In letzter Zeit erkläre ich öfter mal, wie das mit der Verschlüsselung von E-Mails so funktioniert. Damit das Ganze jetzt noch viel einfacher und toller wird, habe ich beschlossen, ein kleines Tutorial zusammenzuschreiben, in dem alles Wichtige auf die möglichst einfachste Art und Weise erklärt wird.

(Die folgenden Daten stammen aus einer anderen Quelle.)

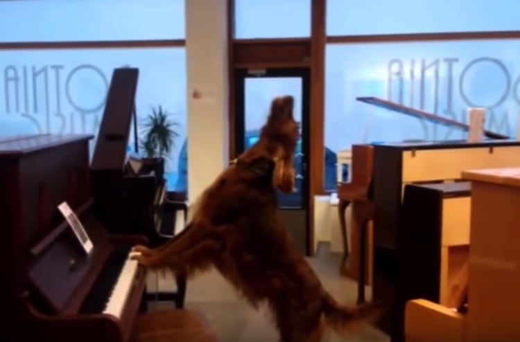 まさかの弾き語り?!ピアノショップで熱唱するワンコ。

Da mein überwiegender Freundes- und Bekanntenkreis weiblich ist, verwende ich hier durchgehend weibliche Anredeformen (oder bemühe mich zumindest weitestgehend darum). Für die Männer unter euch: Ihr seid natürlich mitgemeint. 🙂

Ich versuche es so zu erklären, dass auch wirklich jede versteht, was es mit der Verschlüsselung so auf sich hat und was es zu tun gilt, um von einer unverschlüsselten zu einer verschlüsselten Kommunikation zu kommen. Vielleicht wird da die eine oder andere mit ein wenig mehr Technikverständnis klagen, dass es zu einfach erklärt ist – aber ich setze einfach mal ein „Kenntnislevel 0“ voraus – also die Standard-Nutzerin, die gerade mal ein Mail-Programm benutzt (und vielleicht nicht einmal selbst eingerichtet hat) und nach dem Tippen der Mail schlicht auf „absenden“ klickt. Also dann, legen wir mal los…

E-Mails verschlüsseln? Warum überhaupt?!? Das ist doch total kompliziert!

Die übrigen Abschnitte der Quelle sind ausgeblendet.